On Lesbos, an island which has borne the brunt of Greece’s migrant intake, a Reuters photographer saw 10 dinghies arriving within 90 minutes on Sunday.

One inflatable carrying about 70 refugees, including many children, burst about 100 metres from the shore. Locals pulled infants and toddlers – including a two-month-old baby cradled by his father – ashore on rubber rings.

Greece has regularly called for more help from authorities in dealing with the influx, and caretaker Prime Minister Vasiliki Thanou urged the bloc on Sunday to agree on a more comprehensive policy.

A Syrian man swims in front of a dinghy full of refugees. Photo: Petros Giannakouris
A Syrian man swims in front of a dinghy full of refugees. Photo: Petros Giannakouris

Other countries were wrong to criticise Greece’s response to the flow of migrants, Mrs Thanou said during a trip to Lesbos.

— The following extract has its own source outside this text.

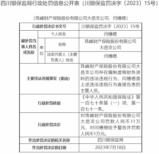 国家金融监督管理总局近日公布四川银保监局行政处罚信息公开表(川银保监罚决字〔2023〕15号),珠峰财产保险股份有限公司大邑支公司(以下简称“珠峰保险大邑支公司”)存在编制虚假财务资料的违法违规行为,闫橞楒是上述违法违规行为直接负责的主管人员。四川银保监局依据《中华人民共和国保险法》第一百七十条第(一)项、第一百七十一条对珠峰保险大邑支公司罚款人民币11万元,对闫橞楒给予警告并罚款人民币1万元。

“We would urge them to consider the responsibility of guarding a 16,000-kilometre-long coastline of European borders … and whether a future Europe of principles can be constructed by building walls,” she said.

 Most refugees reaching Greece quickly head north to other countries, with Germany the most favoured destination.

EU states have so far failed to reach agreement over proposals by commission president Jean-Claude Juncker to accept a mandatory quota system for  taking refugees.